> [WHAT IS EXPECTED]:
Would you transcribe the entries below, beginning at the line with "any summer event" and ending after the line with "Display your favourite", exactly, with no picture and nothing more?

> [PROVIDED DATA]:
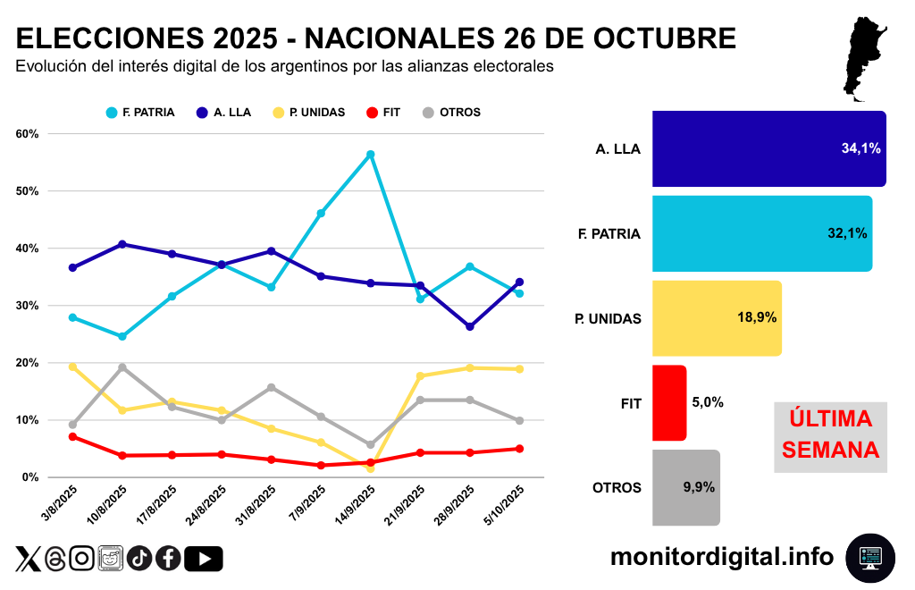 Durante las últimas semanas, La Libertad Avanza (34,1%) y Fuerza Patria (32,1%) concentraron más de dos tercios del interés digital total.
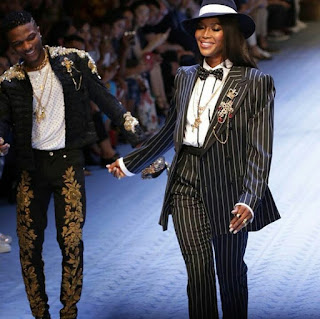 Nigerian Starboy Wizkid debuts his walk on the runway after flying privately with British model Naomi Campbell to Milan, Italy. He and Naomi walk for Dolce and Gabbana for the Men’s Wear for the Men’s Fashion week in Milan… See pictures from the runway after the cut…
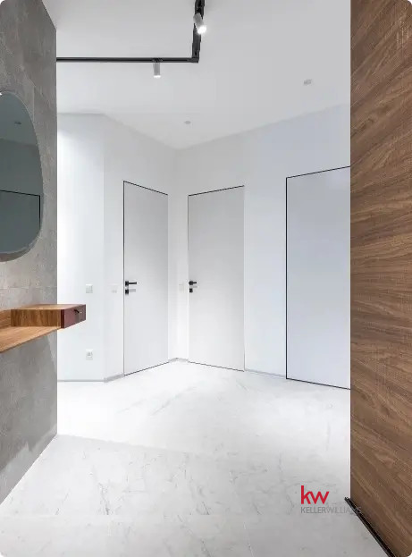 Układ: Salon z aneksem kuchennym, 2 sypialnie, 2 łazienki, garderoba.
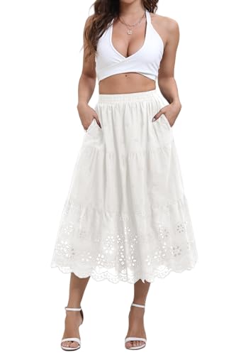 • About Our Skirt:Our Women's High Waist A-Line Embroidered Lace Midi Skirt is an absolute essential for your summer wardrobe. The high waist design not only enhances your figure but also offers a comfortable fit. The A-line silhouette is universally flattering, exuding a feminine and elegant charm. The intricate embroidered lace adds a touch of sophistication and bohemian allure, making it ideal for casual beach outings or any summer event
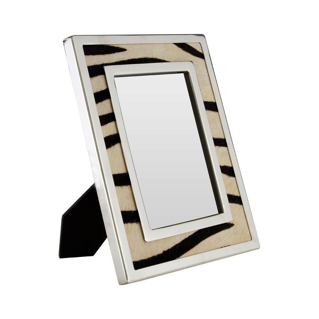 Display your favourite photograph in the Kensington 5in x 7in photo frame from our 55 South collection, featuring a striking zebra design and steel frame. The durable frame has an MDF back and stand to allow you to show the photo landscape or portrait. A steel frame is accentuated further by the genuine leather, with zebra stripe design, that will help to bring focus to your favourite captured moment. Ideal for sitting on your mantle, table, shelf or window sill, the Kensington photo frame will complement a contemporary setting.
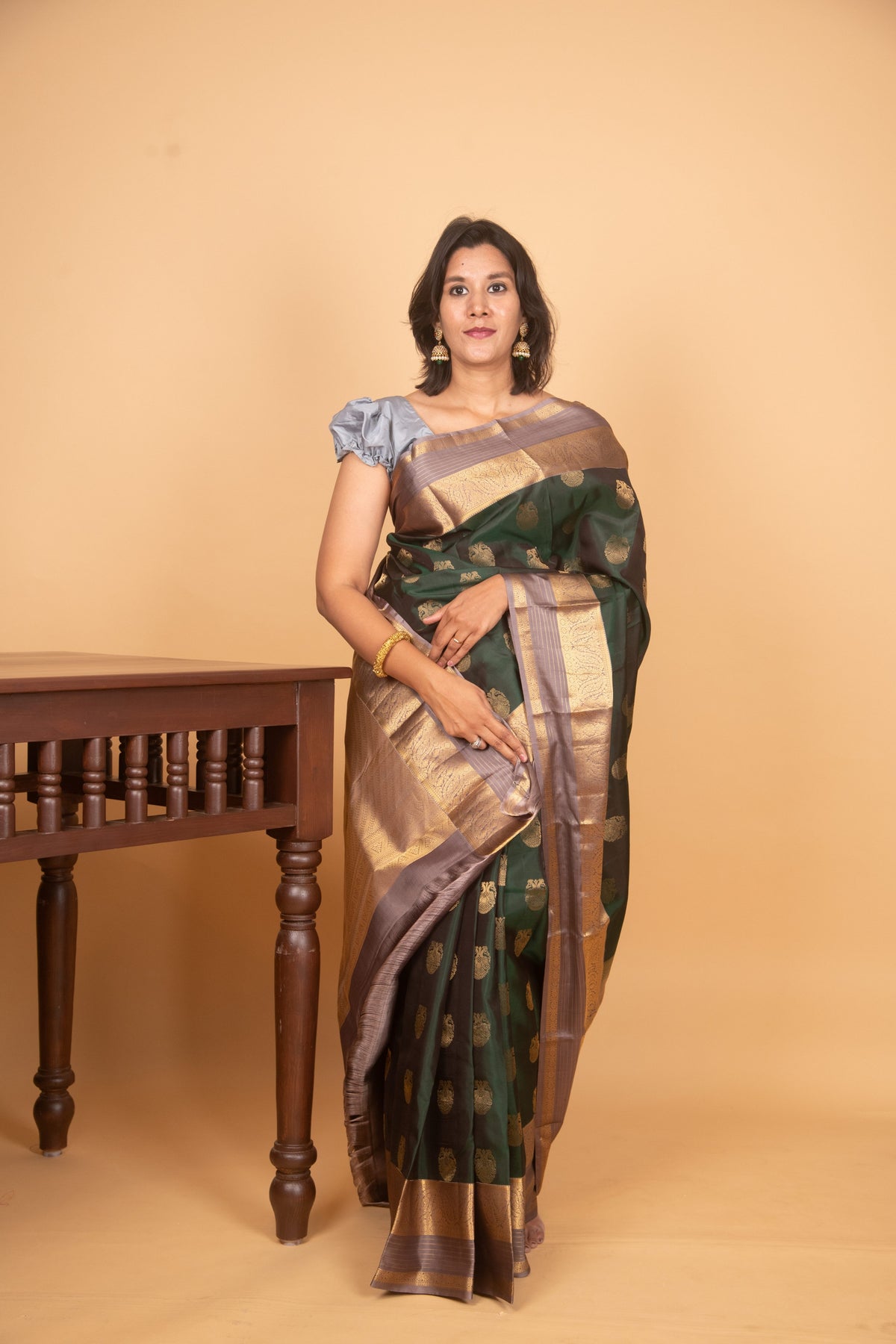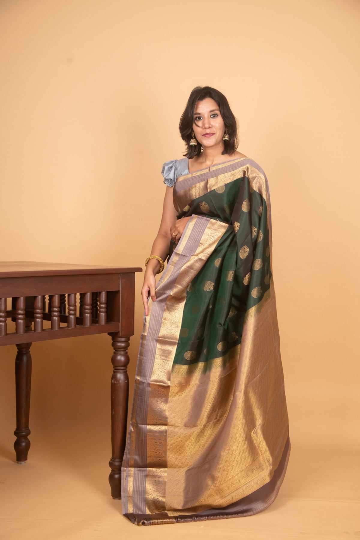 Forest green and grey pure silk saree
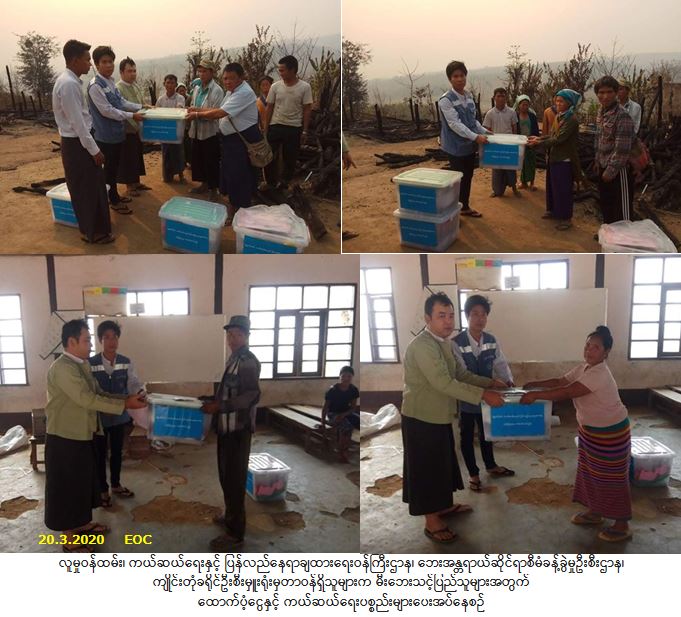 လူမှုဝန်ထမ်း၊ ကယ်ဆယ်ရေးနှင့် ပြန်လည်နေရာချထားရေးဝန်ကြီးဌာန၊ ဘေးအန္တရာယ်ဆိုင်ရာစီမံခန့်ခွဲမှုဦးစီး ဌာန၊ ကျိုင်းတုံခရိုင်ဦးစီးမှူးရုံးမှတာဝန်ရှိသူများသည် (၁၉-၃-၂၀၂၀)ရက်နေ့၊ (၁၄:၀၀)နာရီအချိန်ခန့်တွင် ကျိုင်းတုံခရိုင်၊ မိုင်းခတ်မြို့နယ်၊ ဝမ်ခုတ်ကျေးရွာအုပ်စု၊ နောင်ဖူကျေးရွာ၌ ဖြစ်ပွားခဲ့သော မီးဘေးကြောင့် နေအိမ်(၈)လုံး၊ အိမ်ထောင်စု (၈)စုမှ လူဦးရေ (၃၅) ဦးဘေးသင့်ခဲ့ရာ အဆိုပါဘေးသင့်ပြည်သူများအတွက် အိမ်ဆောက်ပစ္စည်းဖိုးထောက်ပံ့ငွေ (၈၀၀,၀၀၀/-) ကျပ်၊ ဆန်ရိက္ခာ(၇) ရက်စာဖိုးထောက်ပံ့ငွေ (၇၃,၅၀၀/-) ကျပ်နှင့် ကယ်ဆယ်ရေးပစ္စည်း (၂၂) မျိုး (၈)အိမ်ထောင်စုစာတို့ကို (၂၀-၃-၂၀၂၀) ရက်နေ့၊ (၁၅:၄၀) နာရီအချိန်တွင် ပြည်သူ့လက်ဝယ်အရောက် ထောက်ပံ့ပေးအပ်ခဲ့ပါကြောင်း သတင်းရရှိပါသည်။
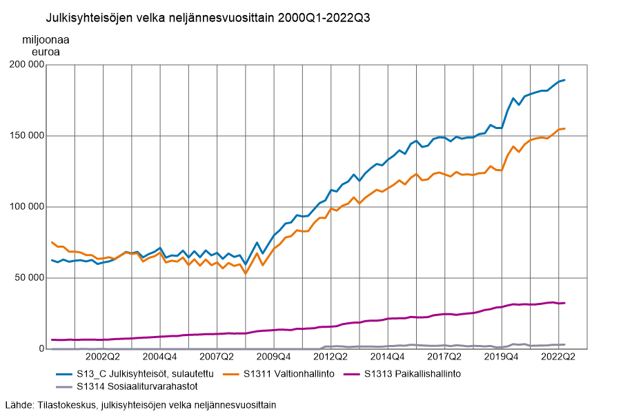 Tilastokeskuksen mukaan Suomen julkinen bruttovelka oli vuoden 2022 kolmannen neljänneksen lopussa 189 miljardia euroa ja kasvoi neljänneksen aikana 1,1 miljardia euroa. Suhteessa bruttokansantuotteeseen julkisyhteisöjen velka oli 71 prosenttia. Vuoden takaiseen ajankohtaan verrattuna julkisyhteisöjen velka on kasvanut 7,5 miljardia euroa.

==

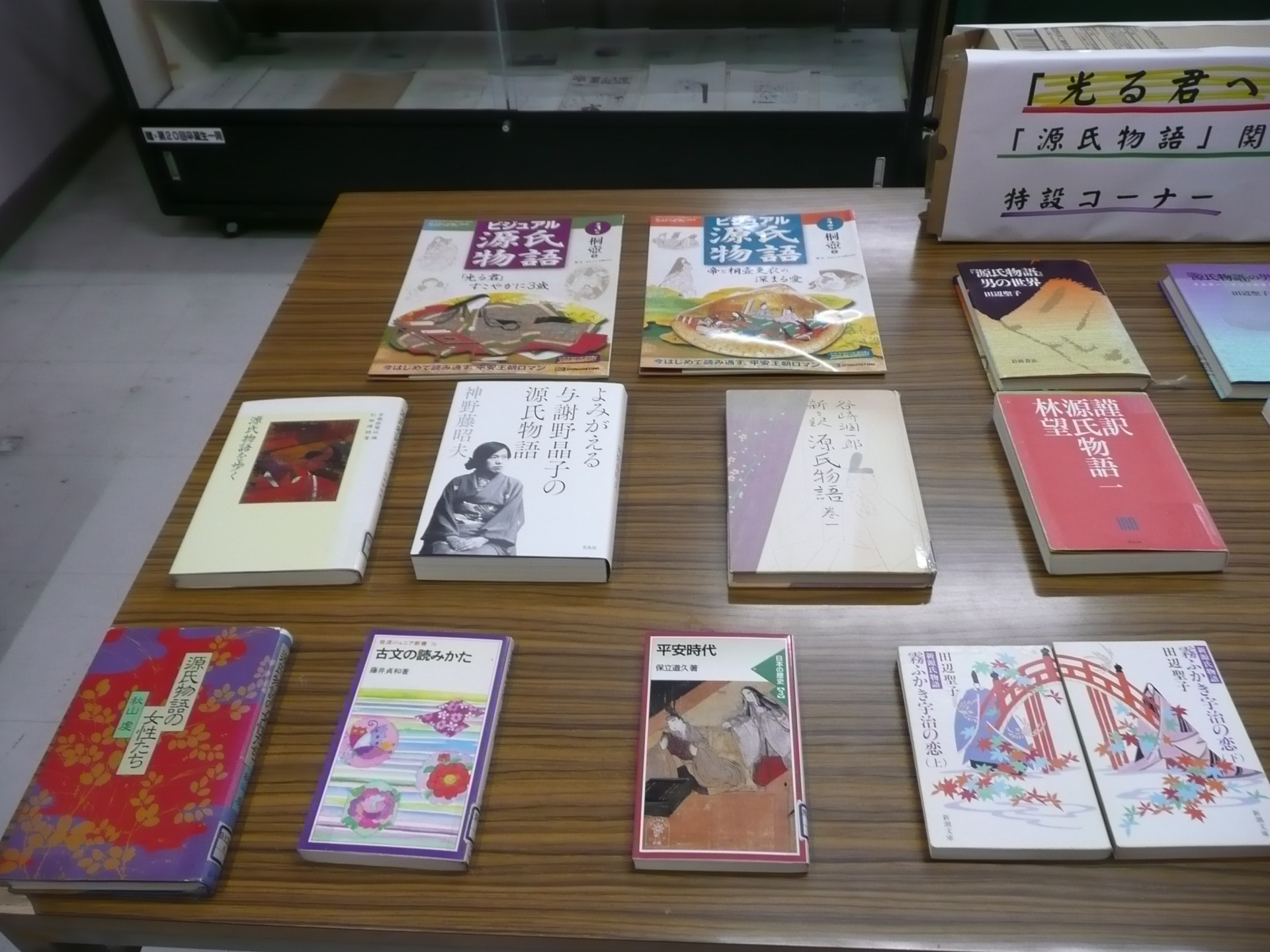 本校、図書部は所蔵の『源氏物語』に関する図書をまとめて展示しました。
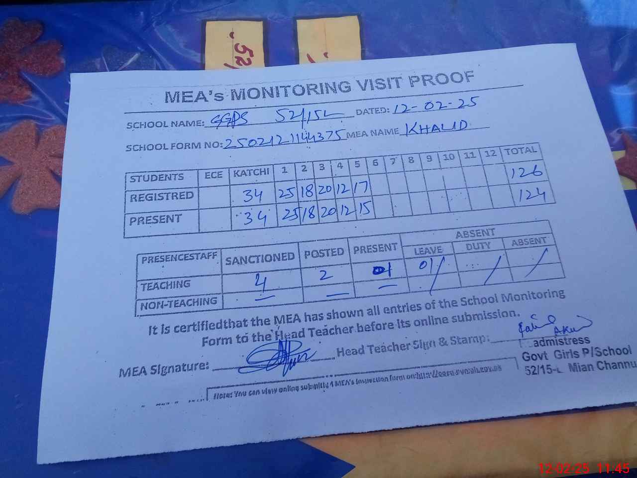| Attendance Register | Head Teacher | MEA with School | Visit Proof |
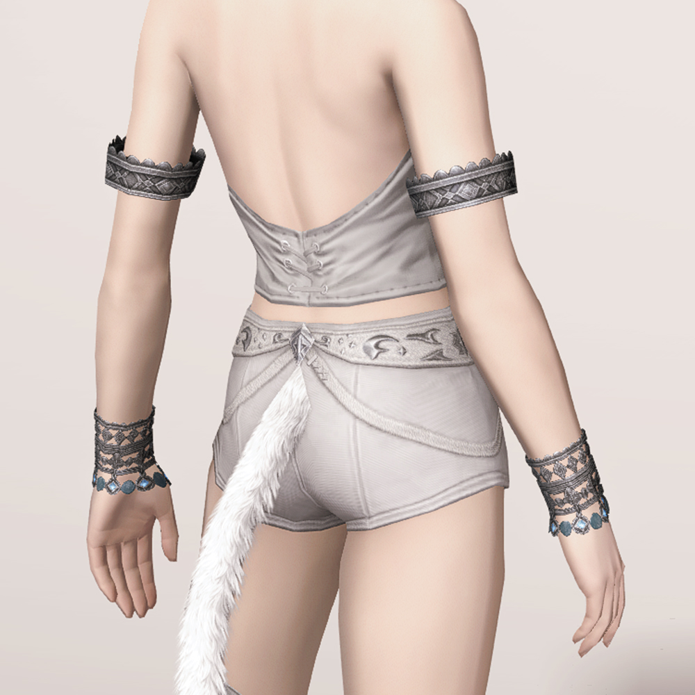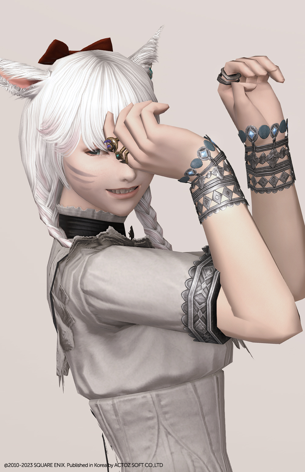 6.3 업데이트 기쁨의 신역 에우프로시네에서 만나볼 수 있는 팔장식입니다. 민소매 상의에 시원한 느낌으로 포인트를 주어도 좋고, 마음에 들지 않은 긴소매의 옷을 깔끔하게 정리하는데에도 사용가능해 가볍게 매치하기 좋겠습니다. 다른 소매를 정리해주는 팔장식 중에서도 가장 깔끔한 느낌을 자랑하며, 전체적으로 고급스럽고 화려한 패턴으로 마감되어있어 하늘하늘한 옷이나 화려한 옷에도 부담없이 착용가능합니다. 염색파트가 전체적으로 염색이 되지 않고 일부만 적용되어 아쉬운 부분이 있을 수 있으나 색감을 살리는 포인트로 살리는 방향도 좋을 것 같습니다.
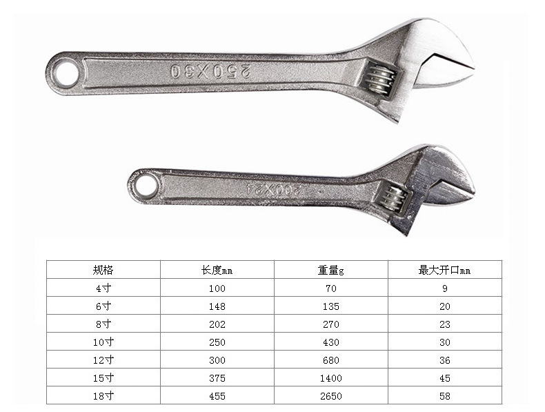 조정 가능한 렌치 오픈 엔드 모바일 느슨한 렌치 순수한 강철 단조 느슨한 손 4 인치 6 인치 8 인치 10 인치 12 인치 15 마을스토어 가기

> [RESPONSE AREA]:
 • About Our Skirt:Our Women's High Waist A-Line Embroidered Lace Midi Skirt is an absolute essential for your summer wardrobe. The high waist design not only enhances your figure but also offers a comfortable fit. The A-line silhouette is universally flattering, exuding a feminine and elegant charm. The intricate embroidered lace adds a touch of sophistication and bohemian allure, making it ideal for casual beach outings or any summer event
 Display your favourite photograph in the Kensington 5in x 7in photo frame from our 55 South collection, featuring a striking zebra design and steel frame. The durable frame has an MDF back and stand to allow you to show the photo landscape or portrait. A steel frame is accentuated further by the genuine leather, with zebra stripe design, that will help to bring focus to your favourite captured moment. Ideal for sitting on your mantle, table, shelf or window sill, the Kensington photo frame will complement a contemporary setting.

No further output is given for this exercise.